No. Suppose $\mathbf{A}$ is the lattice of open sets in some topological space $X$. Then for each $x\in X$, the filter $F$ of open sets containing $x$ is prime, and the quotient $\mathbf{A}/F$ can be identified with the lattice of germs of open sets at $x$ (i.e., the colimit of the lattices of open subsets of $U$ where $U$ ranges over all neighborhoods of $x$).

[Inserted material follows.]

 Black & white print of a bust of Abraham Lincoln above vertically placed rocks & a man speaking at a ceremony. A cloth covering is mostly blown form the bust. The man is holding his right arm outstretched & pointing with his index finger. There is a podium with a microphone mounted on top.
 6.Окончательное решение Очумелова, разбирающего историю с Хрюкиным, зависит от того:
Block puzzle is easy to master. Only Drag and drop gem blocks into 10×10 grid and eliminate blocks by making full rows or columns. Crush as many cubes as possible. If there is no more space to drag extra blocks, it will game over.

In particular, let $X=\mathbb{N}\cup\{\infty\}$ and $x=\infty$. Then the elements of $\mathbf{A}/F$ besides $1$ can be identified with the quotient of the Boolean algebra $\mathcal{P}(\mathbb{N})$ by the ideal of finite sets (an element of $\mathbf{A}/F$ besides $1$ is a germ of an open set that doesn't contain $\infty$, and that's just a subset of $\mathbb{N}$; two such subsets agree on a neighborhood of $\infty$ iff they differ by a finite set). That is, $\mathbf{A}/F$ is the lattice $\mathcal{P}(\mathbb{N})/\mathrm{fin}$ with a greatest element added on top. Since $\mathcal{P}(\mathbb{N})/\mathrm{fin}$ is not complete, neither is $\mathbf{A}/F$.

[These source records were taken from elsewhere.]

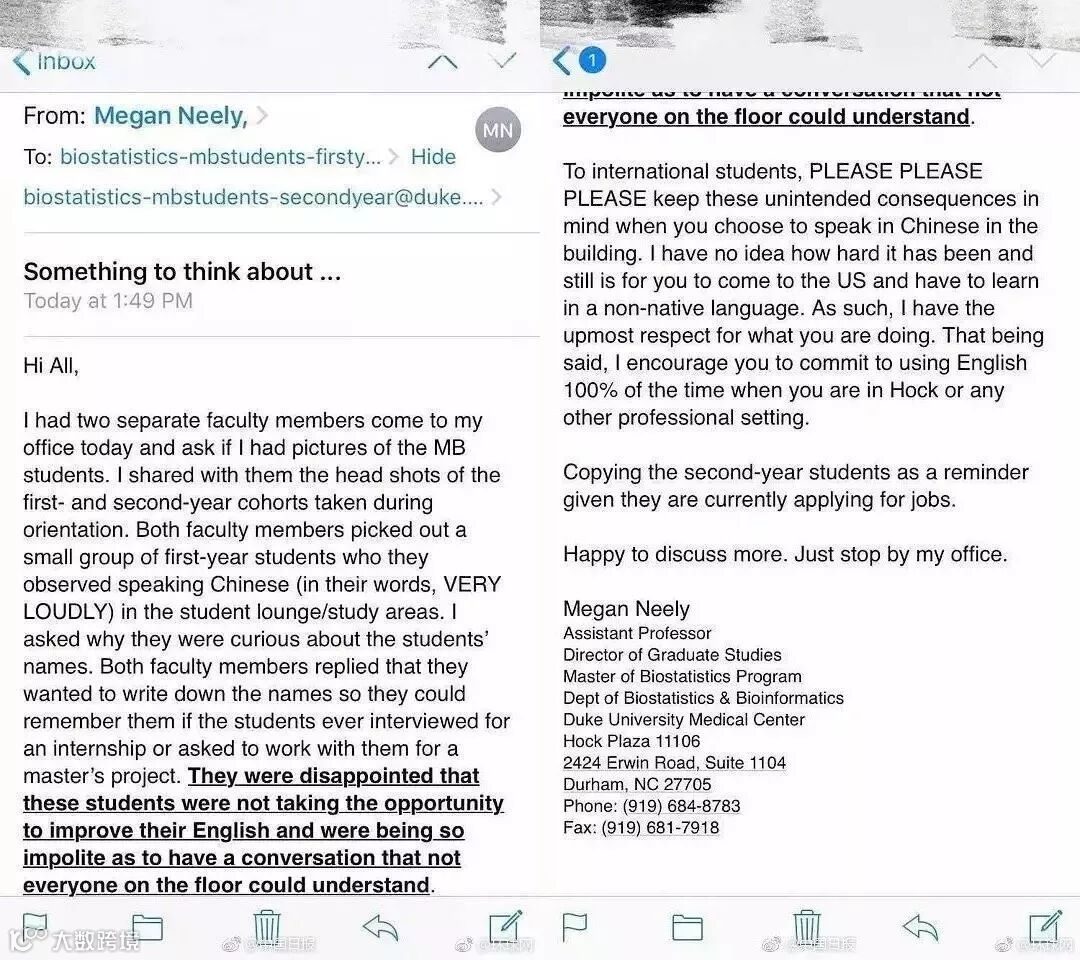 曾有美国杜克大学生物统计助理教授梅根,因为听到两名中国学生在校用中文对话,而向全系学生发送邮件。称在校说别人听不懂的语言不仅不礼貌,而且很可能影响以后找工作。
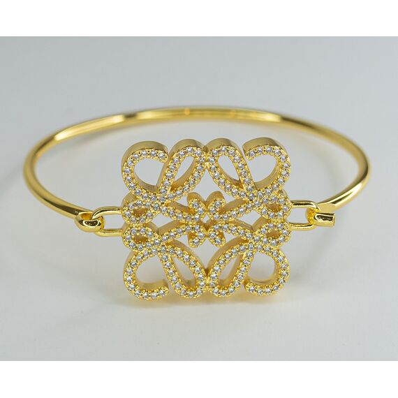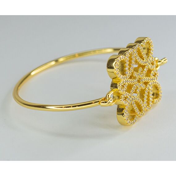 Браслет женский из гипоаллергенного ювелирного сплава желтого цвета. Вставка- цирконы белого цвета. Высота центральной части браслета-3,0см, ширина-3,0см. Браслет жесткий, замок- крючок.
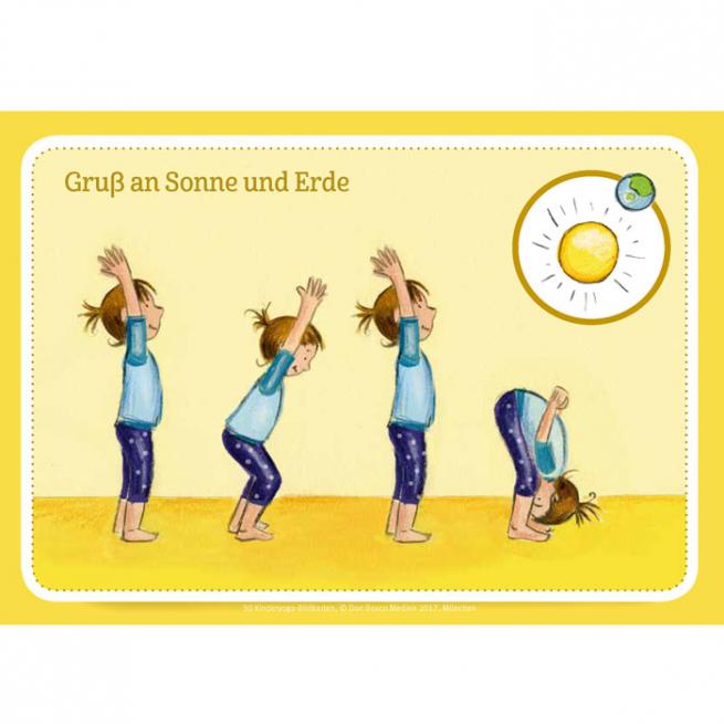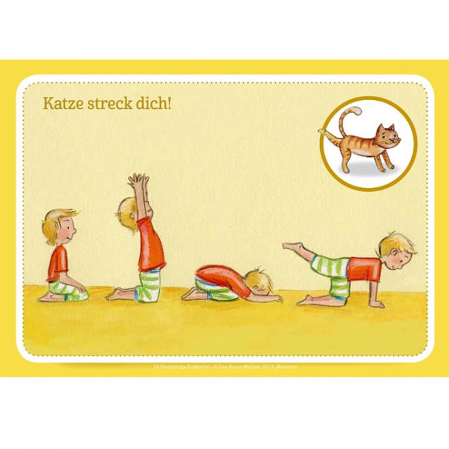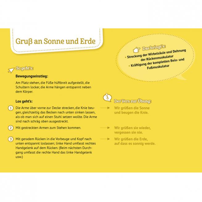 Die beidseitig bedruckten Karten zeigen kindgerechte Yoga-Übungen zum Aufwärmen, im Stehen, Liegen, Sitzen oder Knien, zu handgestützten Übungen sowie zum dynamischen Ausgleich und zur Entspannung. Vorderseitig ist die jeweilige Übung abgebildet, rückseitig stehen Anleitung, Wirkung und ein passender Merkreim. Ab 4 Jahren.

(Note that it is easier to come up with prime filters that are not closed under arbitrary joins--for instance, take a nonprincipal ultrafilter in $\mathcal{P}(\mathbb{N})$, or consider the case where $\mathbf{A}$ is totally ordered. However, in those easy examples the quotient $\mathbf{A}/F$ is actually still complete!)